Questa domenica e questa solennità risente molto dei ricordi personali di ciascuno, ognuno porta nel cuore qualche ricordo, gesto o segno che rende molto familiare questa festa. Possono essere lo spargere i fiori fatto da bambini, i preparativi sulle finestre di casa per il passaggio della processione, portare il baldacchino o lo stendardo, ognuno ha il suo; ma tutto questo nasce e sviluppa per dare onore e rendere presente nella nostra vita il passaggio di Gesù Cristo. Il desiderio di portare ad altri l’annuncio cristiano che scalda e anima la nostra vita si innesta sulla parola del Signore che ci ha lasciato nell’ultima cena. «Prendete, questo è il mio corpo».
Ecco la parola iniziale di questa festa: è un dono che il Maestro fa ai suoi discepoli quella sera dell’ultima cena e che non riesce a rimanere confinato, supera gli ostacoli e le barriere dello spazio e del tempo, è per molti, non per pochi. Il Signore Gesù che dona il suo corpo diventa per noi lo stimolo ad imitarlo, nel darci questo insegnamento mette in luce anche lo stile che possiamo utilizzare noi, cioè, donarci agli altri sul suo esempio. Il verbo prendere dice la delicatezza con cui si presenta, è un’offerta genuina e volontaria, senza violenza o costrizione, ma che arriva alle nostre orecchie e alle nostre mani – nella forma del pane eucaristico – proprio per renderci partecipi di questo suo modo di fare. Ogni volta che ne prendiamo la nostra vita viene trasformata, non possiamo restare indifferenti davanti a questo dono; è il suo dono che trasforma la nostra vita.

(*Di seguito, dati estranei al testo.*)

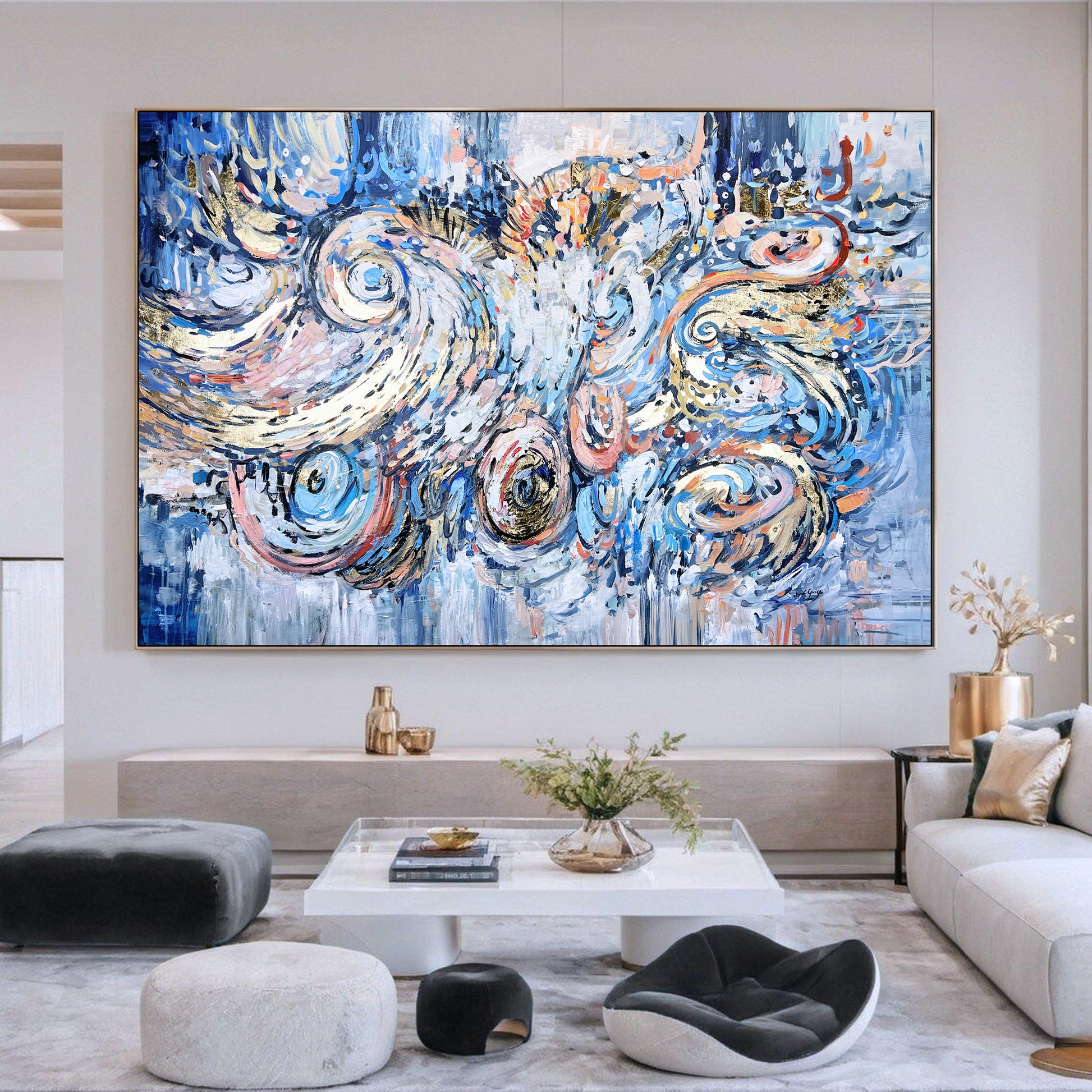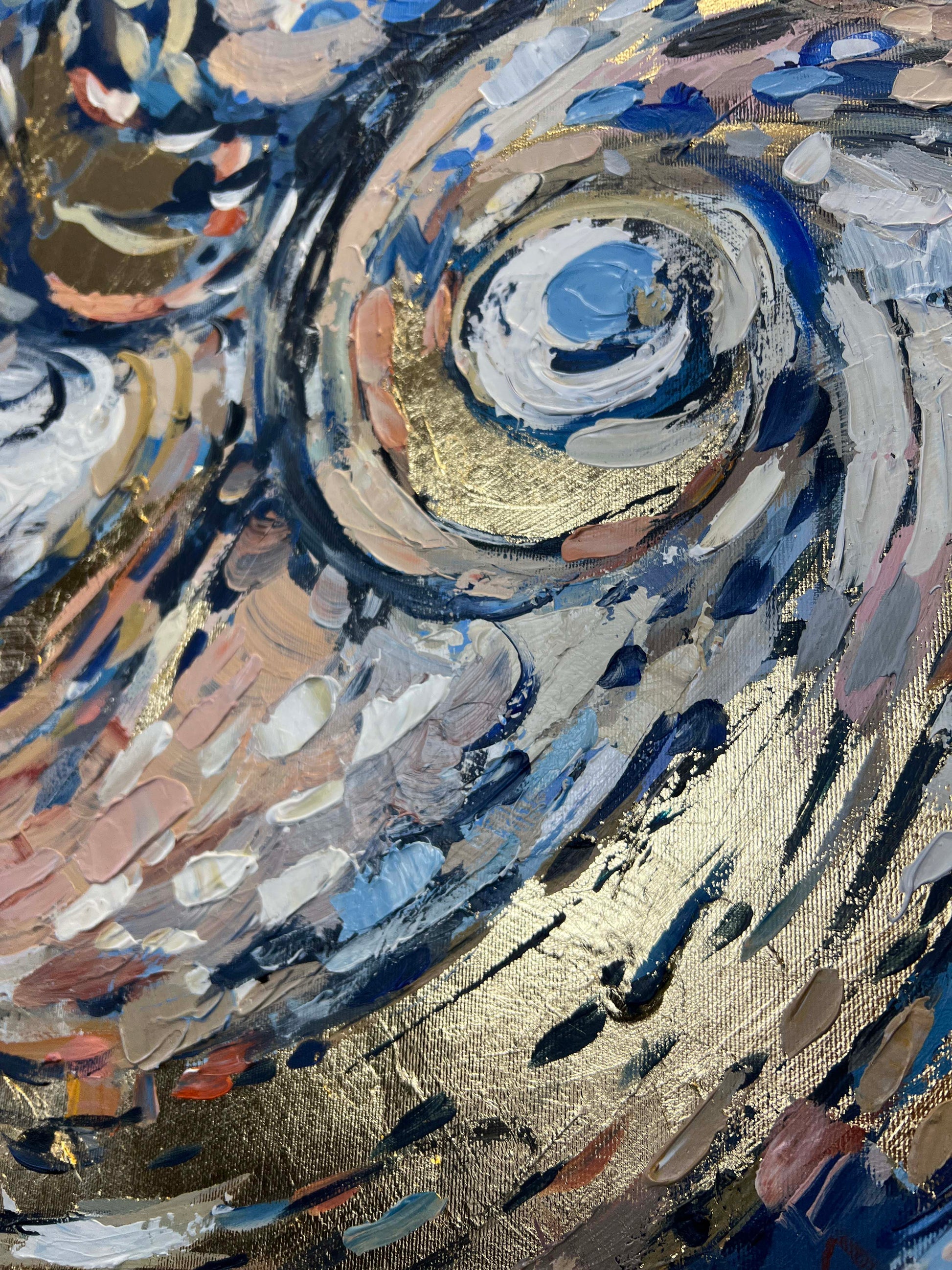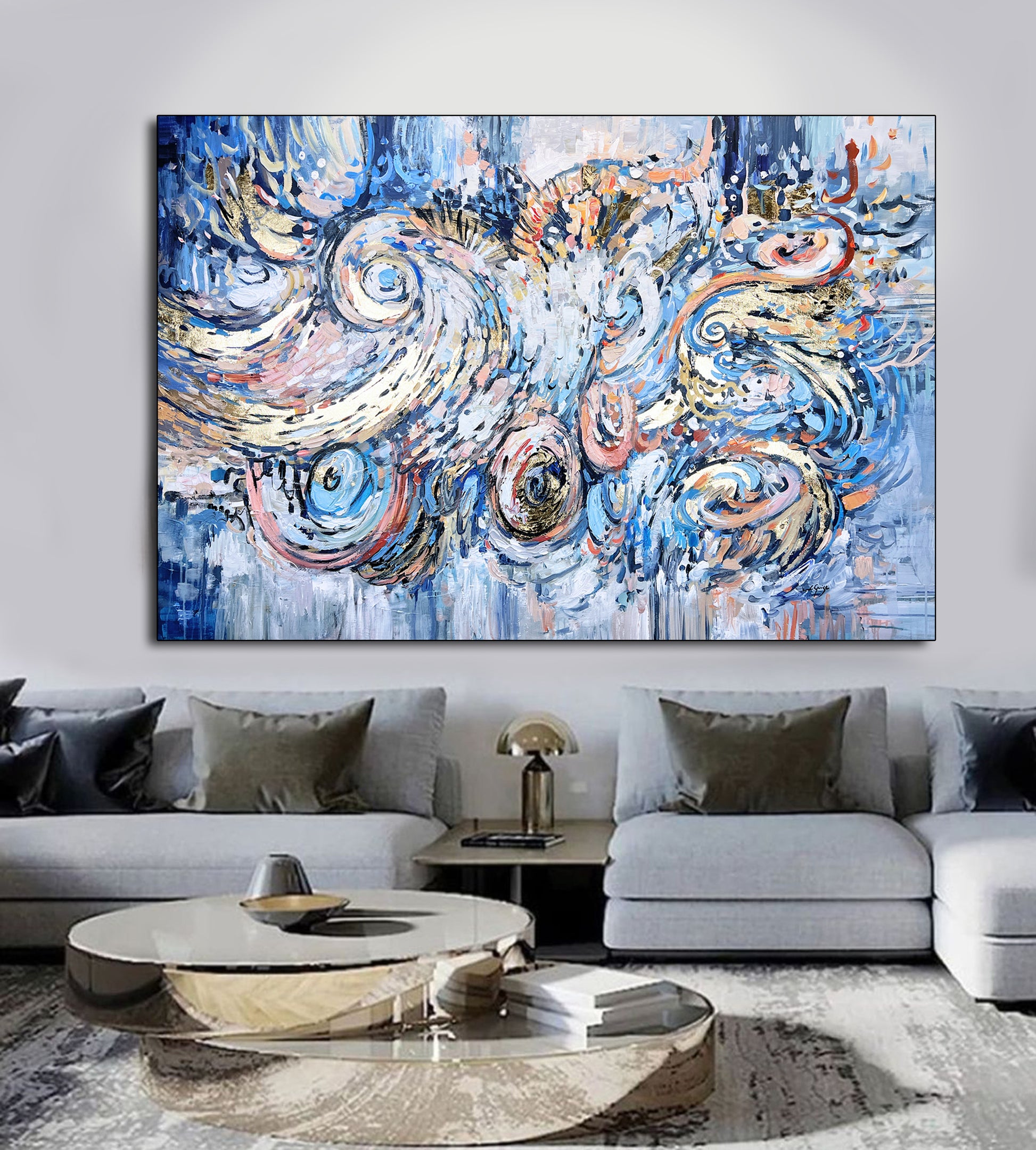 Painted with a palette of deep blues, soft neutrals, and luminous gold accents, this piece evokes movement, harmony, and warmth, translating sound into color and flow.

Prendo spunto da un canto che molto probabilmente varrà eseguito in questa celebrazione:
Ti porteremo ai nostri fratelli
Ti porteremo lungo le strade.
Chi lo cantava sessant’anni fa vedeva una lunga processione snodarsi per le vie del suo paese composta da tutti i membri della comunità che insieme accompagnavano la presenza del Signore nell’Eucaristia dentro i luoghi della vita ordinaria: era sotto gli occhi di tutti che lo si portava a tutti i fratelli, c’era la forza dell’intera comunità che sosteneva questo gesto – anche esteriore e visibile – del portarlo a tutti i fratelli e lungo le strade. Oggi c’è una consapevolezza diversa e le strade sono un po’ cambiate, i numeri sono ridotti o quantomeno diversi, eppure quelle parole sono vere «ti porteremo ai nostri fratelli», quelli del nostro tempo, quelli che oggi ci guardano dalla sedia del bar e forse non riescono a capire cosa succede (penso all’esperienza personale della processione fatta per vie del centro di Trento alle 20 del giovedì), magari subiamo quegli sguardi con imbarazzo…ma c’è qualcosa di più del gesto esteriore, altrimenti siamo sostenitori di una carnevalata.
Prima di portarlo lungo le strade, lo abbiamo ricevuto durante la celebrazione eucaristica, è entrato in noi ed è parte di noi, ci viene dato come “Corpo di Cristo” ed entra nel nostro corpo, diventa un tutt’uno con noi, non si possono più separare.
Noi diventiamo dei tabernacoli viventi, siamo dei vasi riempiti di grazia e questo traspare anche all’esterno. Attraverso i fratelli alla fine della celebrazione abbiamo una vasta gamma di espressioni del volto di Dio e di corpi che lo rendono presente. Poter pensare che la persona seduta vicino a me sia diventata un tabernacolo vivente dovrebbe darci le giuste proporzioni del modo in cui relazionarci tra di noi, se solo pensiamo alla devozione e alla gestualità che riserviamo al Tabernacolo della custodia eucaristica.